He image shows a user, items,  and a question mark representing which item to show the user.
Figure 1 A recommendation system filters items and only shows those most likely to induce an interaction.

Types of Recommendation Systems

Traditionally, recommender systems approaches could be divided into these broad categories:  collaborative filtering,  content filtering, and hybrid recommenders systems. More recently, some variations have been proposed to leverage explicitly the user context (context-aware recommendation), the sequence of user interactions (sequential recommendation) and the interactions of the current user session for next-click prediction (session-based recommendation).

Collaborative filtering algorithms recommend items (this is the filtering part) based on preference information from many users (this is the collaborative part). This approach uses similarity of user preference behavior,  given previous interactions between users and items, recommender algorithms learn to predict future interaction. These recommender systems build a model from a user’s past behavior, such as items purchased previously or ratings given to those items and similar decisions by other users. The idea is that if some people have made similar decisions and purchases in the past, like a movie choice, then there is a high probability they will agree on additional future selections. For example, if a collaborative filtering recommender knows you and another user share similar tastes in movies, it might recommend a movie to you that it knows this other user already likes.

The image shows a movie watched by similar users being recommended.
Figure 2: collaborative filtering recommends items based on how similar users liked the item.

Content filtering, by contrast, uses the attributes or features of an item  (this is the content part) to recommend other items similar to the user’s preferences. This approach is based on similarity of items and user features,  given information about a user and items they have interacted with, (e.g. a user’s demographics, like age or gender, the category of a restaurant’s cuisine, the average review for a movie), model the likelihood of a new interaction.  For example, if a content filtering recommender sees you liked the movies “You’ve Got Mail” and “Sleepless in Seattle,” it might recommend another movie to you with the same genres and/or cast, such as “Joe Versus the Volcano.”

The image shows a movie with features similar to what the user has watched before being recommended.
Figure 3: Content filtering recommends items with features similar to the users’ preferences.
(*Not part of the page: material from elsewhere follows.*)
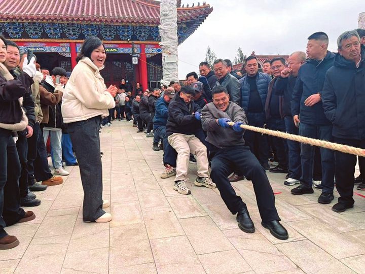 2月25日,运城市平陆县圣人涧镇傅相祠前人山人海、摩肩接踵,广场中央的空地上,一场由14个村、社区代表队同台竞技的拔河比赛正火热上演,将新春的喜庆氛围拉满。

Collaborative filtering is straightforward to apply, as it only requires as input the user id and item id for each interaction. However, it requires a minimum number of interactions by user and by item before starting to provide meaningful recommendations, which is characterized as the cold-start problem. On the other hand, as content-based filtering only leverages the interactions of each user, it deals nicely with the user cold-start problem. But it tends to create a filter bubble, recommending only items very similar to those the user has interacted with before.

Hybrid recommender systems combine the advantages of the types above to create a more comprehensive recommending system.

Session or sequence-based recommender systems use the sequence of user item interactions within a session in the recommendation process. Examples include predicting the next item in an online shopping cart, the next video to watch, or in the booking.com example, the next travel destination of a traveler.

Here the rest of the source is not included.